Personal information
- Full name: Ivar Jenner
- Date of birth: 10 January 2004 (age 22)
- Place of birth: Utrecht, Netherlands
- Height: 1.87 m (6 ft 2 in)
- Position: Midfielder

Team information
- Current team: Dewa United Banten
- Number: 6

Youth career
- 2010–2014: IJFC
- 2014–2016: Ajax
- 2016–2022: Utrecht

Senior career*
- Years: Team / Apps / (Gls)
- 2022–2026: Jong Utrecht / 70 / (2)
- 2025–2026: Utrecht / 0 / (0)
- 2026–: Dewa United Banten / 15 / (0)

International career^{‡}
- 2019: Netherlands U15 / 2 / (0)
- 2022: Indonesia U20 / 2 / (0)
- 2023–2025: Indonesia U23 / 14 / (2)
- 2023–: Indonesia / 30 / (0)

Medal record
Men's football
Representing Indonesia
FIFA Series
| Runner-up | 2026 Indonesia |  |

= Ivar Jenner =

Indonesian footballer (born 2004)

Ivar Jenner (born 10 January 2004) is a professional footballer who plays as a midfielder for Super League club Dewa United Banten. Born in the Netherlands, he represents the Indonesia national team.

==Club career==
Jenner played for IJsselstein-based academy side IJFC and Ajax before a move to Utrecht in 2016. He signed his first professional contract in May 2021.

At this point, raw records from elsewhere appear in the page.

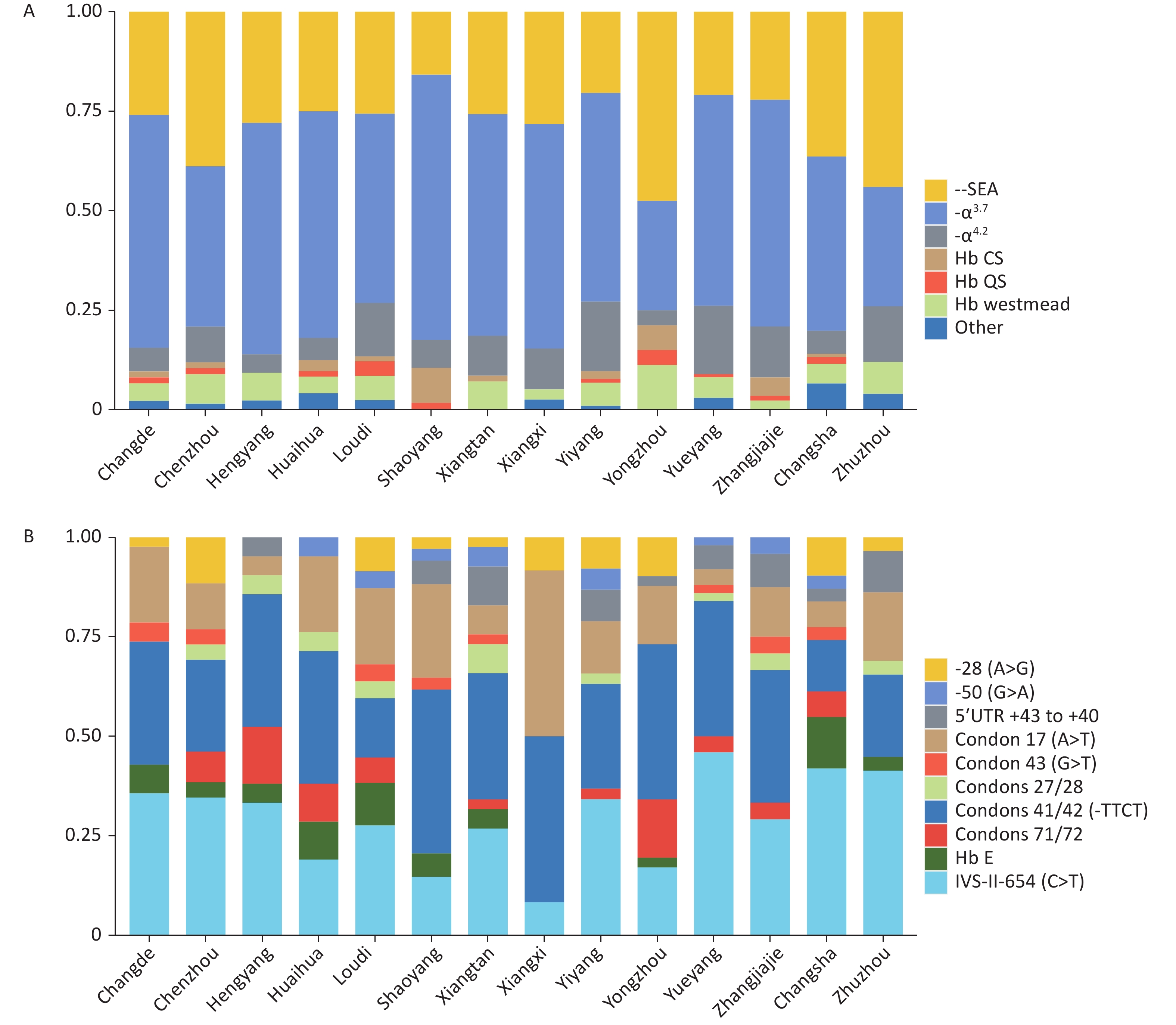 Objective This study was aimed at investigating the carrier rate of, and molecular variation in, α- and β-globin gene mutations in Hunan Province.Methods We recruited 25,946 individuals attending premarital screening from 42 districts and counties in all 14 cities of Hunan Province. Hematological screening was performed, and molecular parameters were assessed.Results The overall carrier rate of thalassemia was 7.1%, including 4.83% for α-thalassemia, 2.15% for β-thalassemia, and 0.12% for both α- and β-thalassemia. The highest carrier rate of thalassemia was in Yongzhou (14.57%). The most abundant genotype of α-thalassemia and β-thalassemia was -α3.7/αα (50.23%) and βIVS-II-654/βN (28.23%), respectively. Four α-globin mutations [CD108 (ACC>AAC), CAP +29 (G>C), Hb Agrinio and Hb Cervantes] and six β-globin mutations [CAP +8 (C>T), IVS-II-848 (C>T), -56 (G>C), beta nt-77 (G>C), codon 20/21 (-TGGA) and Hb Knossos] had not previously been identified in China. Furthermore, this study provides the first report of the carrier rates of abnormal hemoglobin variants and α-globin triplication in Hunan Province, which were 0.49% and 1.99%, respectively.Conclusion Our study demonstrates the high complexity and diversity of thalassemia gene mutations in the Hunan population. The results should facilitate genetic counselling and the prevention of severe thalassemia in this region.
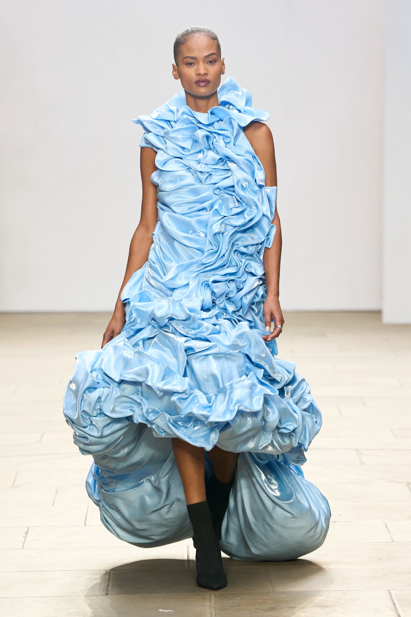 ChenChen Studio unveiled architectural, sculptural silhouettes that transformed clothing into living installations, blurring the line between wearable garment and kinetic artwork.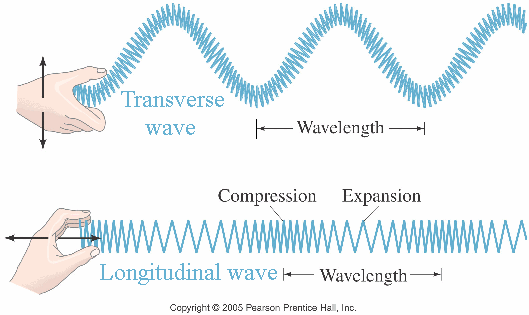 - To understand transverse waves, think of a spring or rope. If the spring is pulled reasonably tight, and you tap down on the spring at one end, then the effect of the tap will travel along the spring. The effect of the tap was to move the coils of the spring up or down (or left to right) a few millimetres. The tension in the spring quickly pulled the coils back into line. However, the first few coils pulled their neighbours out of line so they moved up, then down... and so on. Notice that the tap made the coils move at right angles to the spring while the ripple moved along the spring. The two motions are at right angles to each other. For this reason, we call this a transverse wave.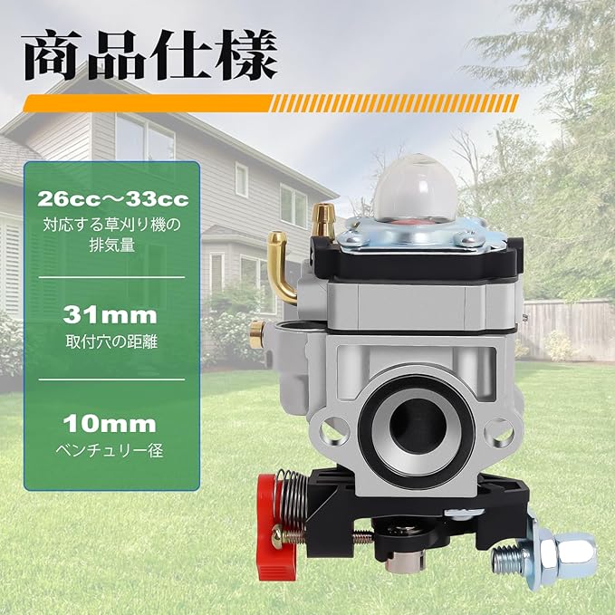 【商品仕樣】対応する草刈り機の排気量:26cc~33cc、取付穴の距離:31mm、ベンチュリー径:10mm。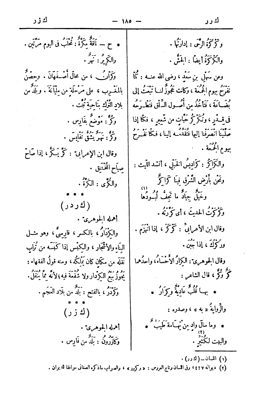 وقال الجوهريّ: الكِرارُ الأَحْسَاءُ، واحدُهما كَرٌّ وكُرٌّ، قال الشاعر: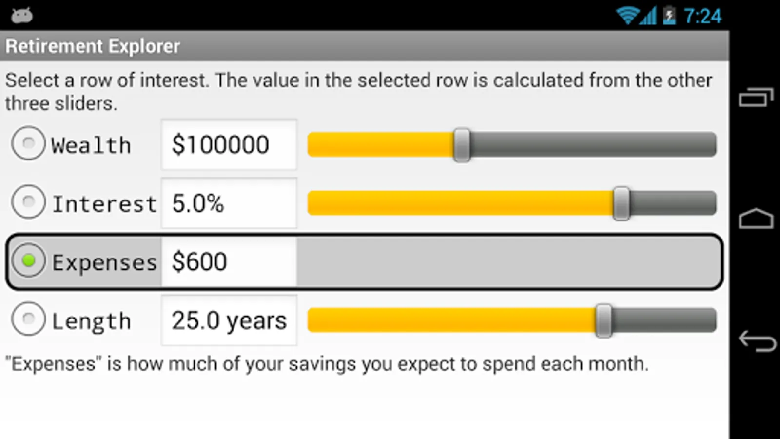 The selected row is the variable the applet is solving for. By default the "Expenses" variable is selected. This means that you can see how much you can draw each month depending on the values you enter for the other three. For example, if you expect a 25 year retirement and expect to earn 5%, you can input those values and then adjust the "Wealth" slider to see how much money you will be able to live on each month depending on your net wealth at retirement.
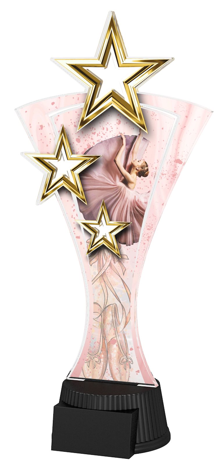 The Triple Star Ballet Trophy is an eye-catching award with a dynamic and bold design.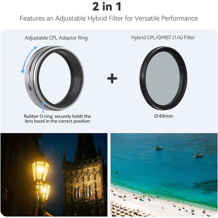 Súprava obsahuje unikátny hybridný filter, ktorý v sebe kombinuje funkciu polarizačného filtra (CPL) a Black Diffusion Mist 1/4. Výsledkom je snímka bez rušivých odleskov, s intenzívnejšími farbami a jemným filmovým závojom, ktorý dodáva fotografiám aj videám profesionálny nádych. Tento filter je ideálny pre portréty, krajinárske snímky aj kreatívne filmové zábery.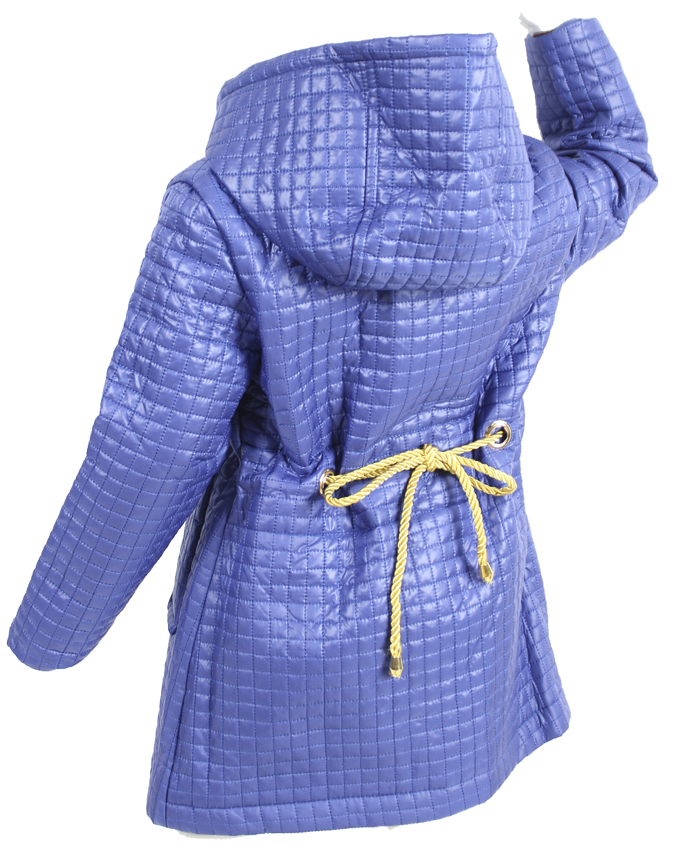 Детская куртка для девочек синего цвета с золотистым поясом.
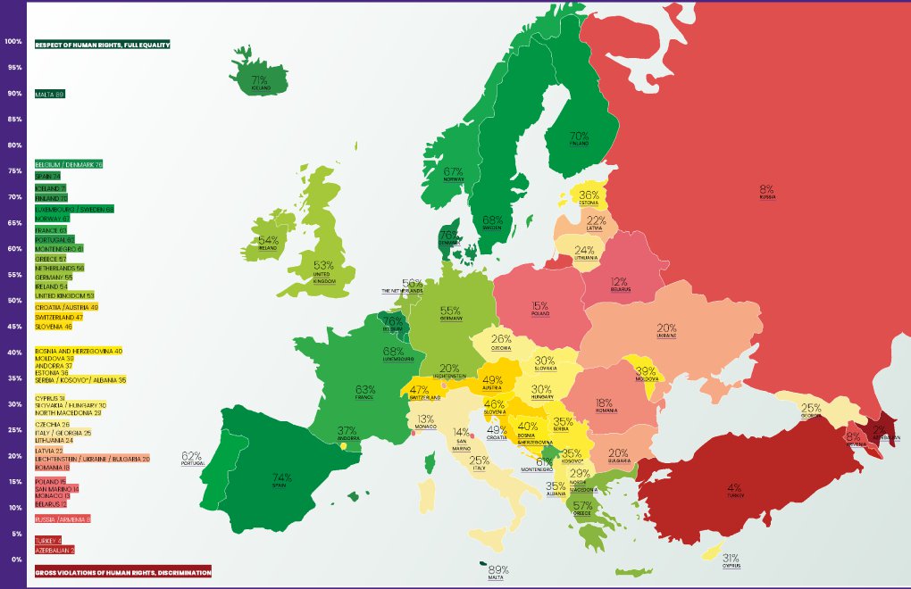 2009 yılından bu yana her yıl yayınlanan ILGA Avrupa Gökkuşağı Haritası'nın son sayısında Azerbaycan ve Türkiye sondan bir ve ikinci oldu.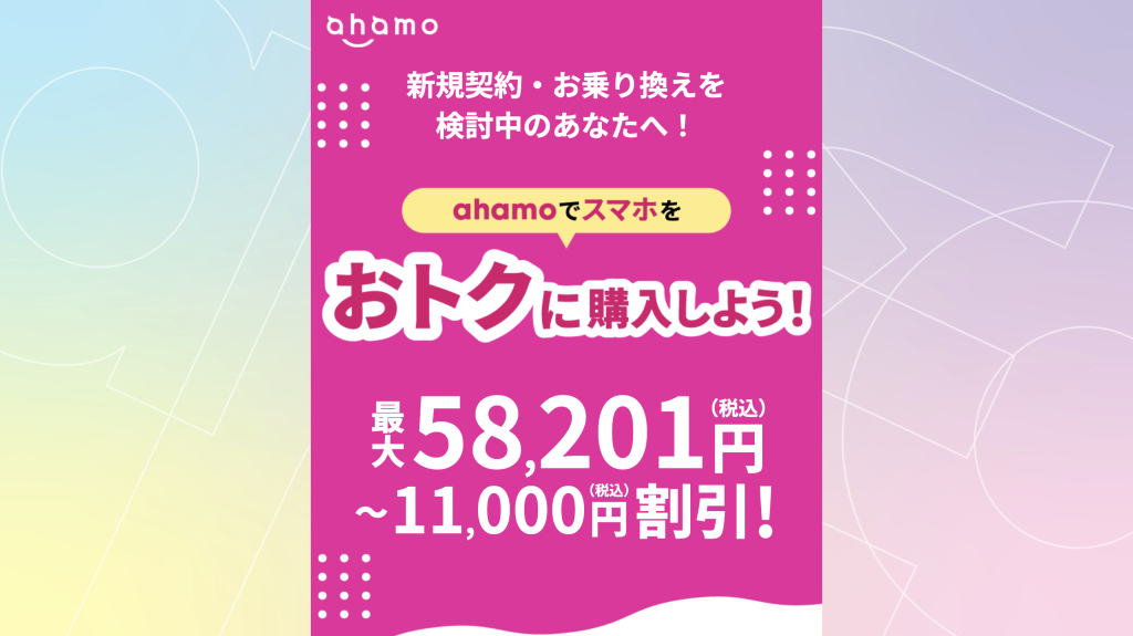 | ahamoでスマホをおトクに購入しよう | 対象端末が最大58,201円割引 | 新規契約/他社からの乗り換え | 未定 |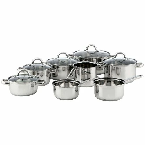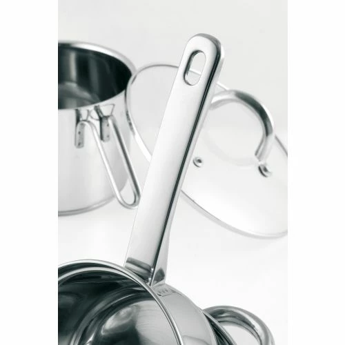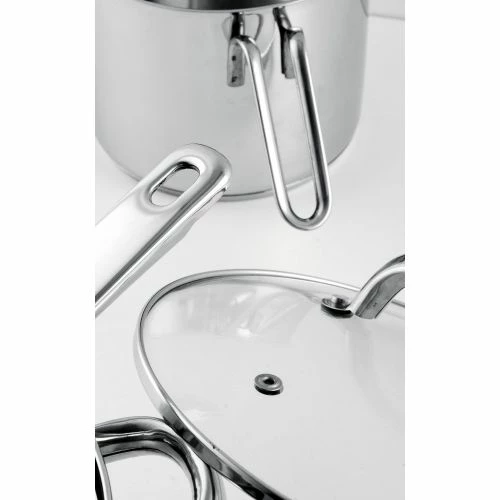 Asas/Mango Acero Buena distribución del calor y menos necesidad de potencia. Cacerola 16cm, cacerola 20cm, cacerola 24m, olla 16cm, olla 20cm, cazo 14cm, cazo 16cm, hervidor 14cm. Apto Vitrocerámica Apto Inducción Apto Eléctrico Apto Gas Apto lavavajillas Para un uso duradero recomendado lavado y secado a mano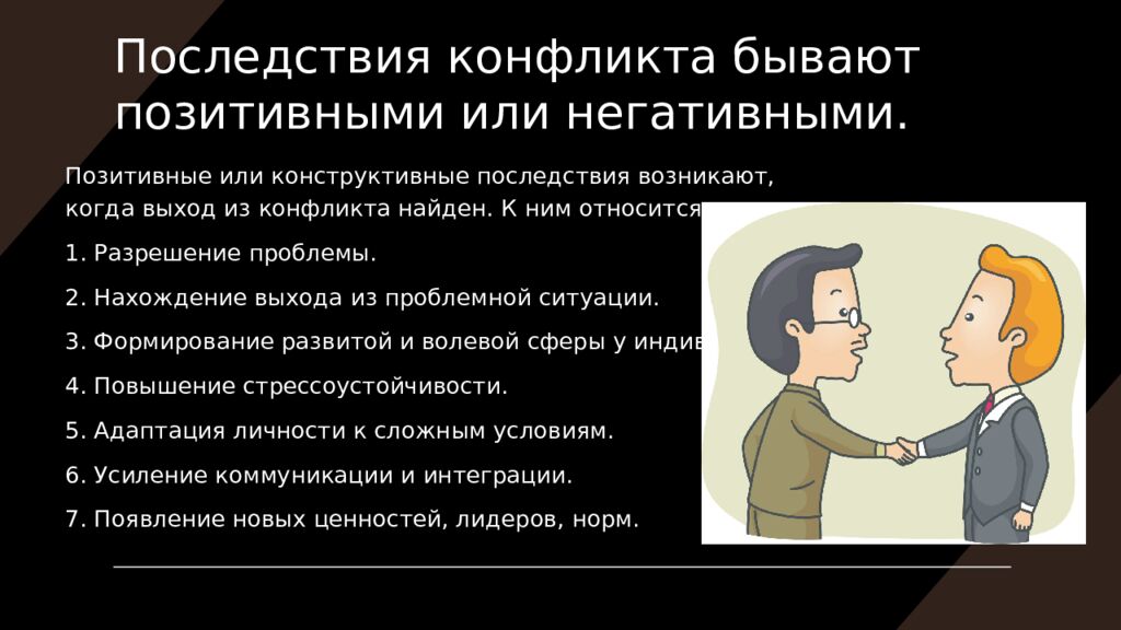 Позитивные или конструктивные последствия возникают, когда выход из конфликта найден. К ним относится: 1. Разрешение проблемы. 2. Нахождение выхода из проблемной ситуации. 3. Формирование развитой и волевой сферы у индивида. 4. Повышение стрессоустойчивости. 5. Адаптация личности к сложным условиям. 6. Усиление коммуникации и интеграции. 7. Появление новых ценностей, лидеров, норм.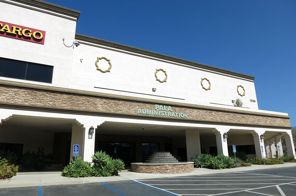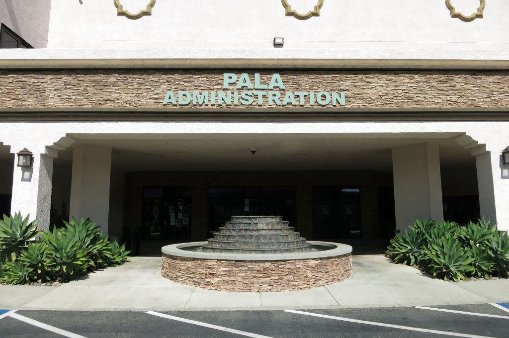 The Pala Administration Building is located on the Pala Band of Mission Indians Reservation. The Pala Reservation is located in southern California. It was established by an executive order dated December 27, 1875.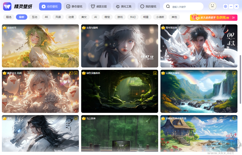 精灵动态壁纸电脑版是一款为用户提供海量丰富动态壁纸和静态壁纸的高清壁纸软件,这款软件能够支持用户在PC端和移动端进行使用,让你的桌面变得更加的酷炫,海量超清4K壁纸涵盖了各种类型和风格,如二次元,风景,美女,萌宠,游戏等,满足不同用户的口味需求,感兴趣或者有需要的小伙伴就快来kk网站下载体验一下吧。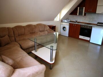 Жилището е разположено на четвърти етаж (последен) и се състои от дневна с кухненски бокс, спалня, баня с тоалетна и голяма тераса.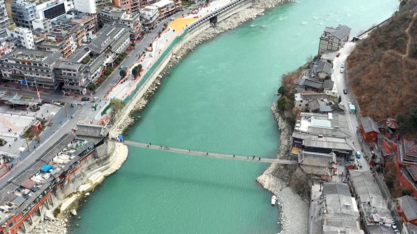 航拍瀘定鐵索橋。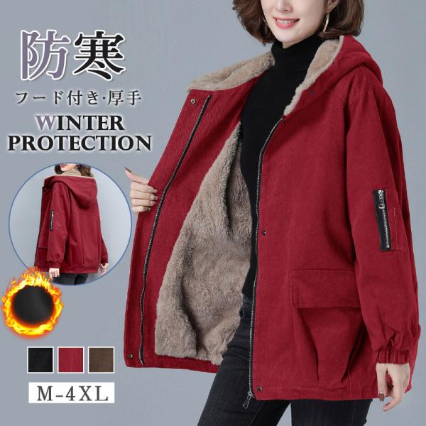 中綿コート レディース ジップアップ 秋冬アウター フード付き 裏起毛 韓国風 中綿ジャケット 厚手 防風 防寒 あったか おしゃれ シンプル 秋冬服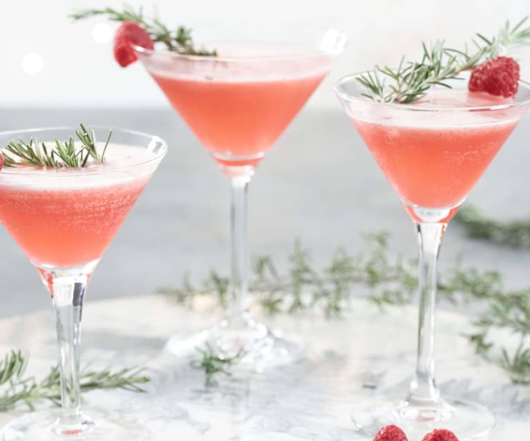- Añada el almíbar reservado, la ginebra y mezcle 10 seg/vel 5. Reparta la mezcla en los vasos y rellénelos con la tónica. Decore con las frambuesas y el romero y sirva.

Jenner signed a new three-year deal with Utrecht in August 2023. After three years at Jong Utrecht, he joined Utrecht senior team for 2025–26 season. On 2 February 2026, Jenner's contract with Utrecht was mutually terminated.

==International career==
Jenner has represented the Netherlands at under-15 level.

He is also eligible to represent Indonesia, and in October 2022, he travelled with fellow Dutch-Indonesian footballer Justin Hubner to Indonesia to become naturalized, in order to represent the Indonesia national under-20 football team at the 2023 AFC Asian Cup and the 2023 FIFA U-20 World Cup.

Although Jenner still holds the Netherlands passport, on 17 November 2022, he played for the Indonesia U-20 in a losing effort, 0–6 against France U-20 in a friendly match in Spain. He also played against Slovakia U-20 two days later, in a 1–2 loss.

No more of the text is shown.